First step to establish National Air Ambulance Service welcomed ? Naughten

In Health by Denis Naughten

But it is not a replacement for an A&E

Local TD and health campaigner Denis Naughten has welcomed the Government announcement of a dedicated air ambulance base for Custume Barracks in Athlone.

“This is a major step forward in establishing a national helicopter emergency service which could transport patients from the scene of an accident to a major trauma centre,” stated Denis Naughten.

“While it is important to remember that the establishment of this service in Athlone is a positive development, it is not a replacement for other ambulance services, the closure of Roscommon A&E or the downgrading of services at other hospitals – in fact just the opposite.

“Such a service, if it was in place last July, would have addressed a number of the ‘opportunistic’ safety concerns regarding Roscommon Hospital’s accident and emergency department. This proposal was rejected at that stage as it would have undermined the plan to close the A&E.

“It should be noted that the helicopter ambulance service will cater for a very small proportion of very ill patients, where travelling time to a regional trauma centre is the difference between life and death. It is also an admission that the closure of Roscommon A&E department has left the people of County Roscommon in a far more vulnerable position.

“I now hope that the Government will use the establishment of this service as the basis to review the operation of Roscommon Hospital’s Urgent Care Centre to see how additional patients could be accepted at the hospital, stabilised and then transferred by air ambulance to other medical centres.

“Having said that, as someone who has campaigned my entire political career for a dedicated air ambulance service, this is a significant step forward. In fact it is coming up on the 13th anniversary since I first raised such a proposal with the then Health Minister, Brian Cowen [see attached reply]. I have campaigned for this service not only because it would clearly save lives, but also because it would help to provide a valuable back up to smaller A&E departments which could then introduce a stabilise and transfer protocol for all patients which would meet the best possible international standards.

“This announcement must now be used as a stepping stone to improve emergency services in the midlands and west by expanding the scope and range of the helicopter emergency service and by using this service to look again at how local hospitals can support emergency care, instead of using it as a justification to remove vital health services,” concluded Denis Naughten.

First Dáil reply on this issue from 1999.
Written Answers – Air Ambulance Service.

Thursday, 22 April 1999

81. Mr. Naughten asked the Minister for Health and Children the plans, if any, he has to introduce an air ambulance service for call-out to road accidents; and if he will make a statement on the matter. [10600/99]

Minister for Health and Children (Mr. Cowen): Since 1965 an arrangement has been in place whereby the Air Corps provides air ambulance transport to health boards for emergency cases. This service is generally provided in emergencies requiring the removal of badly injured or very ill persons over long distances, particularly where they cannot be safely conveyed by road ambulance. The service is also provided for the removal from the islands of persons requiring urgent hospital attention when weather conditions are such as to make boat transport impossible or hazardous to the patient. Since August 1991, the marine search and rescue helicopter service of the Department of the Marine, which operates from Shannon airport, is also available for air ambulance transport in cases of emergency.

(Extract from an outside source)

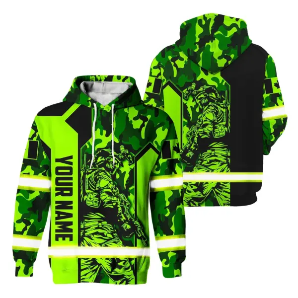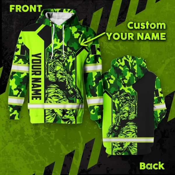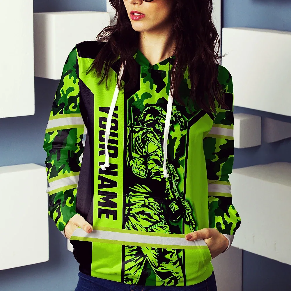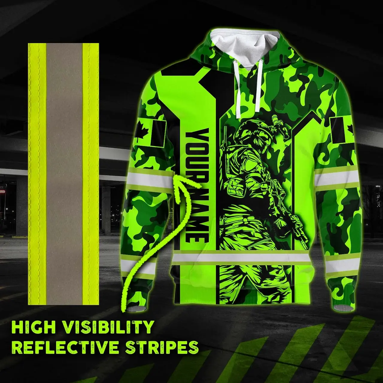 Hi Vis Hoodie Reflective Canada Flag Green Neon Veteran 2 Custom Name Safety Workwear For Worker, Operator, Patriotic
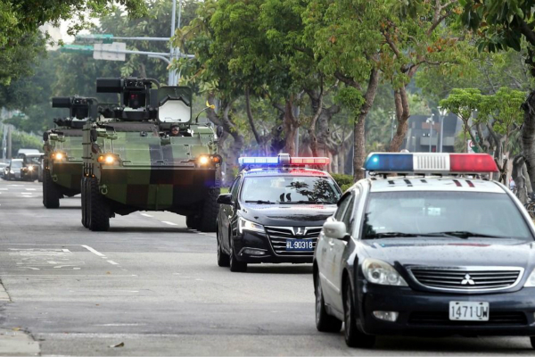 图为蔡英文车队在台装甲车保护下,驶向台防务部门。(台媒图)

I am aware of the role which a dedicated air ambulance service could play in enhancing the effectiveness of the ambulance service. However, proposals for the development of an air ambulance service must be placed in the wider context of developments in emergency medical services generally and any initiative in this area must complement other pre-hospital resources such as the ambulance service and first responder programme. The particular role of air ambulance was examined by the standing committee on air ambulance services. The standing committee undertook a detailed examination of a number of independent proposals for the establishment of a dedicated helicopter emergency medical service which were received from groups interested in this area. Meetings took place with a number of these groups.

Following these meetings, officials of my Department have worked with other interested parties to clarify a number of issues regarding needs, costs and benefits deriving from having a dedicated and purpose-equipped air ambulance service.

I remain committed to further improving pre-hospital care services and I have allocated an additional £2.7 million for developments in the field of pre-hospital care in 1999. This funding represents the largest ever increase in resources for this area and will assist considerably in improving emergency medical services.